■ **Task details**
Write every line below out again, exactly as given, but leave out the pictures.

(Records from a dataset)

◆ ◆ ◆

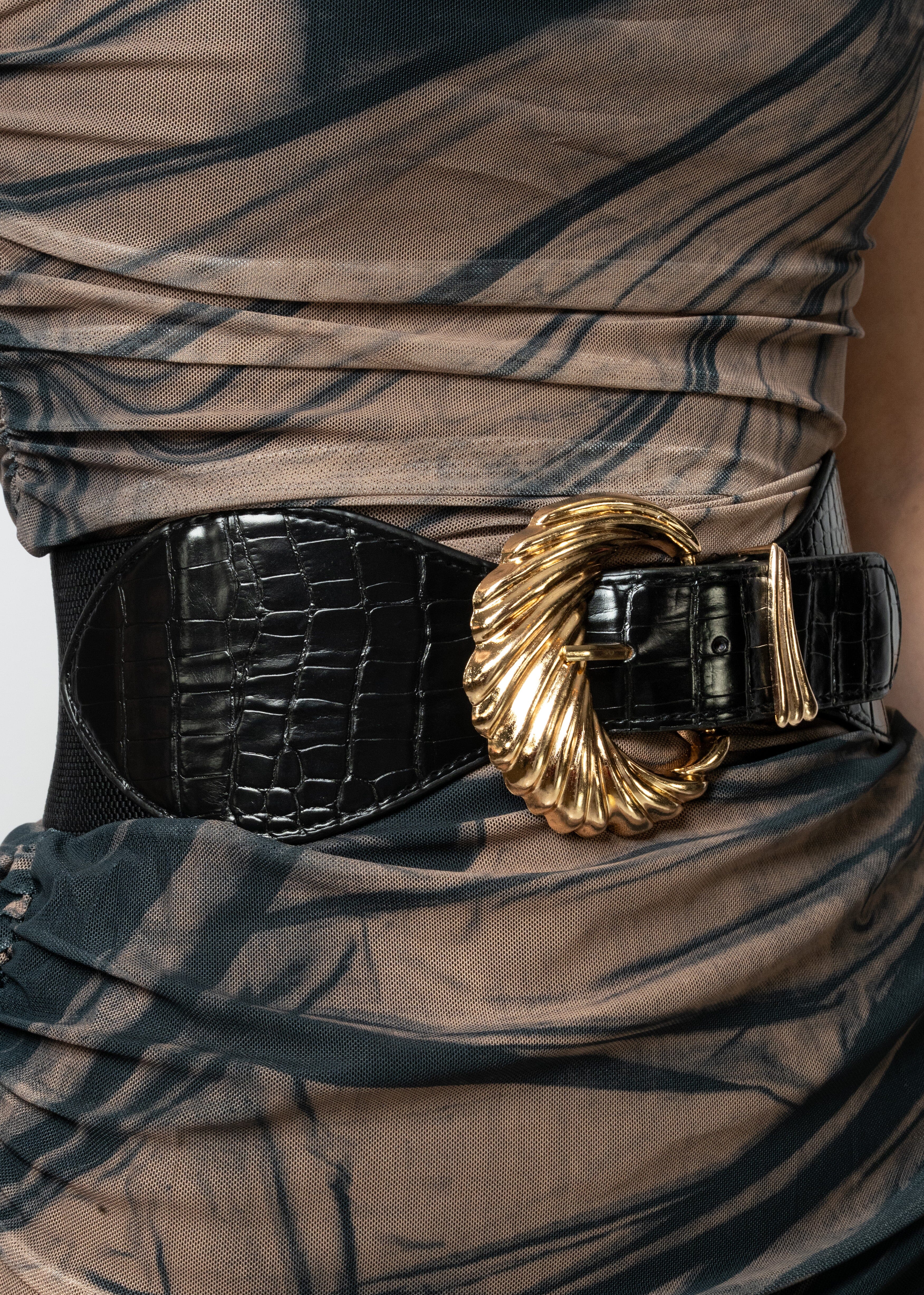 - Wide statement belt designed to cinch, sculpt, and command attention
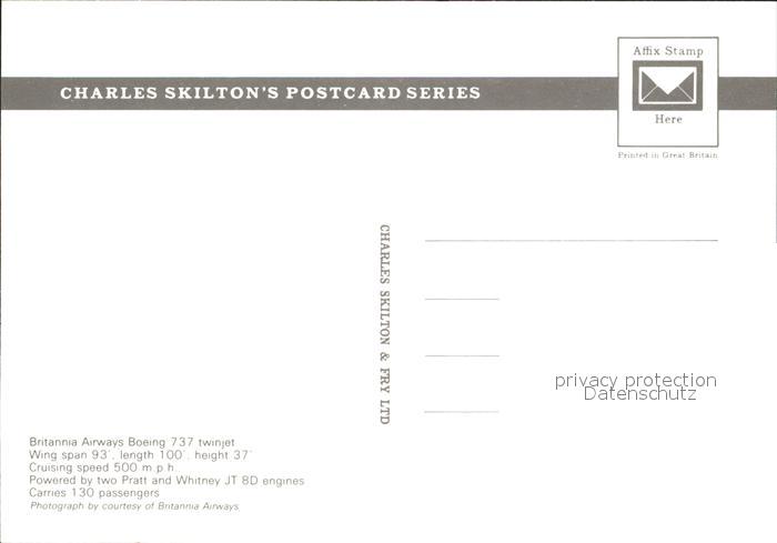 Flugzeuge Zivil Britannia Airways Boeing 737 postalisch nicht gelaufen Erhaltung siehe scans
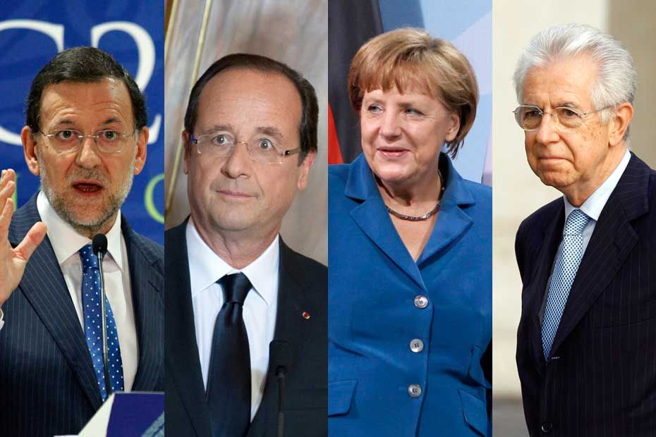 Hollande, Merkel et Rajoy ont rendez-vous vendredi chez Monti pour tenter de s'accorder.
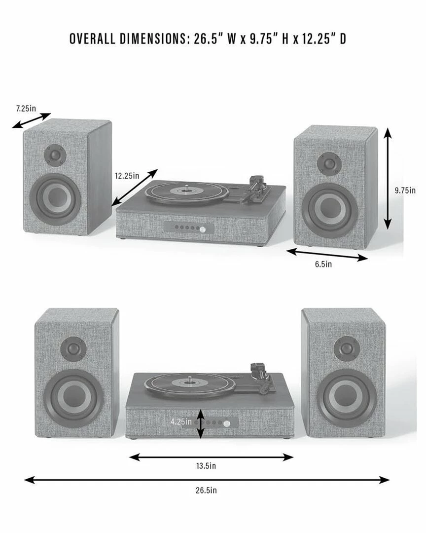 - turntable dimensions: 4.5″h x 13.5″w x 12.25″d
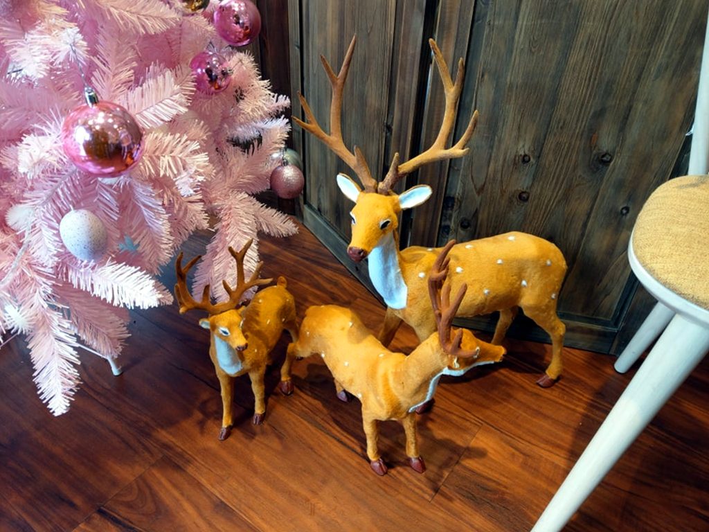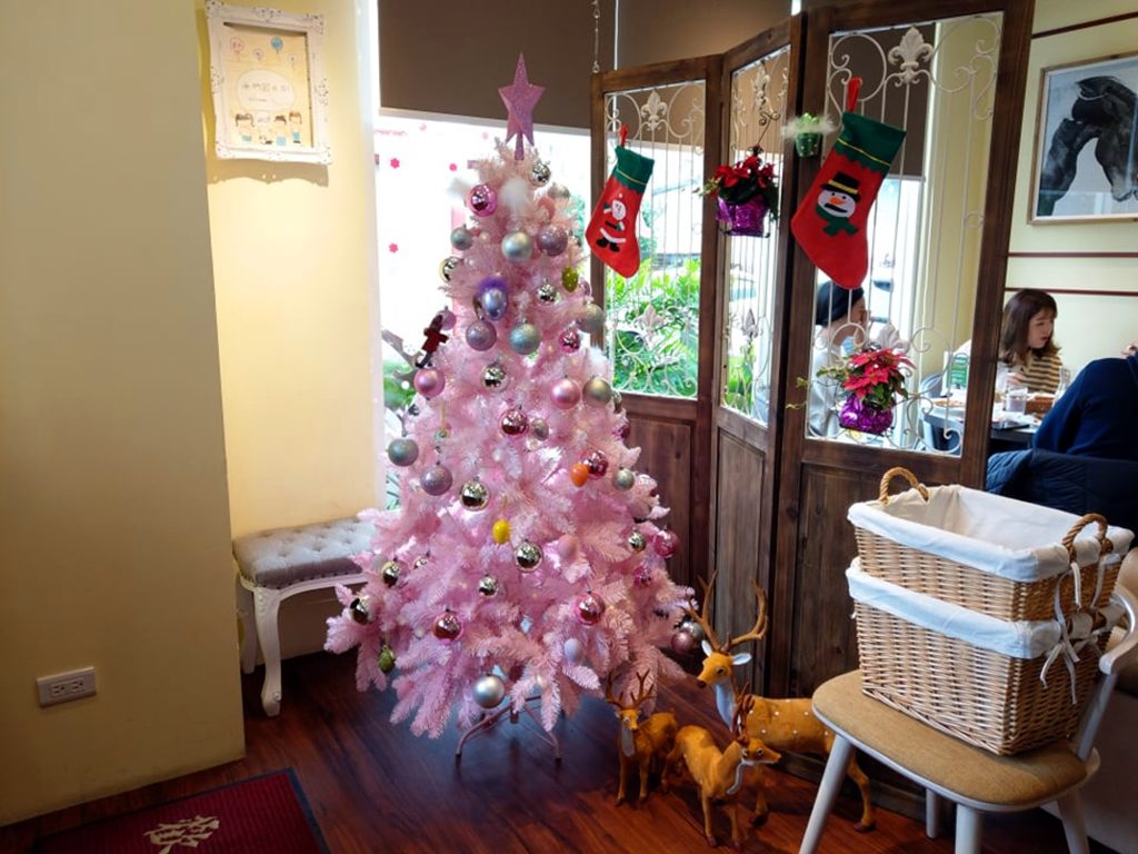 十二月正值聖誕節期,店內擺上粉紅色的聖誕樹,一旁還有可愛的梅花鹿裝飾,節慶氣氛濃厚。
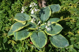 Übersicht blaulaubige Hosta mit gelbem Rand
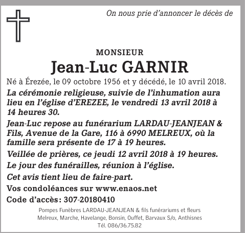 Décédé à Erezée (6997) le mardi 10 avril 2018 à l'âge de 61 ans
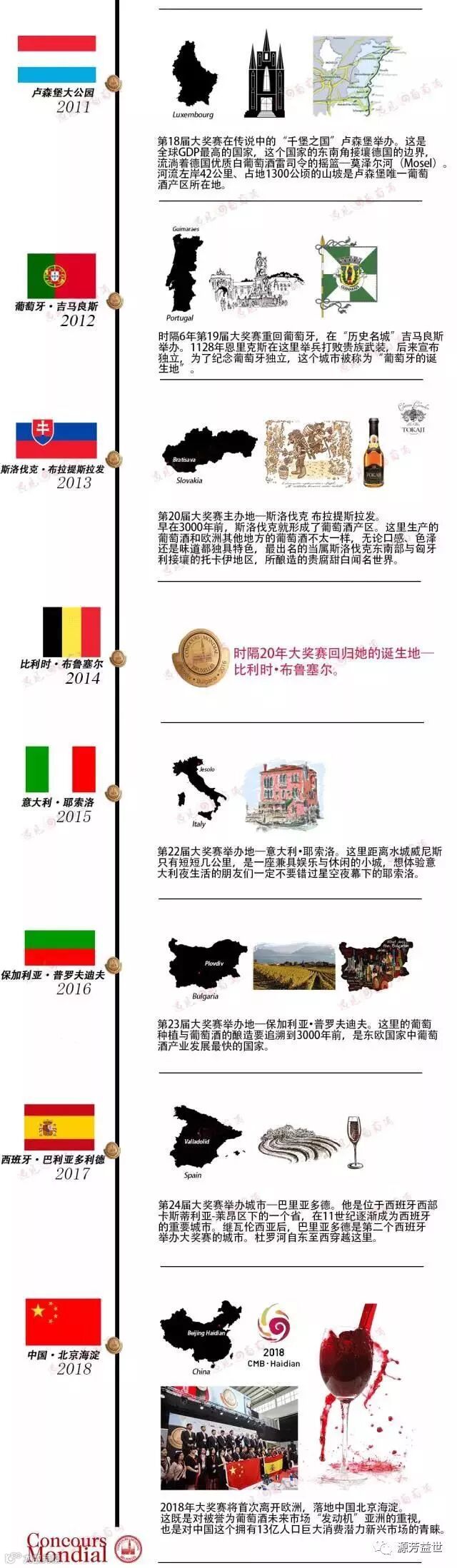 1994年成立于比利时布鲁塞尔,是世界上影响力最大的葡萄酒竞赛之一,2006年后,大赛开始在里斯本、波尔多、西西里等等地区举办。每年有超过6000款葡萄酒参加竞赛,大约有30%的参赛酒能够获奖,赛事由欧盟的相关机构现场监督以保证公正性。而这个国际上备受瞩目的赛事,即将在2018年莅临北京中国!

◆ ◆ ◆

■ **Solution to this task**
 - Wide statement belt designed to cinch, sculpt, and command attention
 Flugzeuge Zivil Britannia Airways Boeing 737 postalisch nicht gelaufen Erhaltung siehe scans
 Hollande, Merkel et Rajoy ont rendez-vous vendredi chez Monti pour tenter de s'accorder.
 - turntable dimensions: 4.5″h x 13.5″w x 12.25″d
 十二月正值聖誕節期,店內擺上粉紅色的聖誕樹,一旁還有可愛的梅花鹿裝飾,節慶氣氛濃厚。
 Übersicht blaulaubige Hosta mit gelbem Rand
 Décédé à Erezée (6997) le mardi 10 avril 2018 à l'âge de 61 ans
 1994年成立于比利时布鲁塞尔,是世界上影响力最大的葡萄酒竞赛之一,2006年后,大赛开始在里斯本、波尔多、西西里等等地区举办。每年有超过6000款葡萄酒参加竞赛,大约有30%的参赛酒能够获奖,赛事由欧盟的相关机构现场监督以保证公正性。而这个国际上备受瞩目的赛事,即将在2018年莅临北京中国!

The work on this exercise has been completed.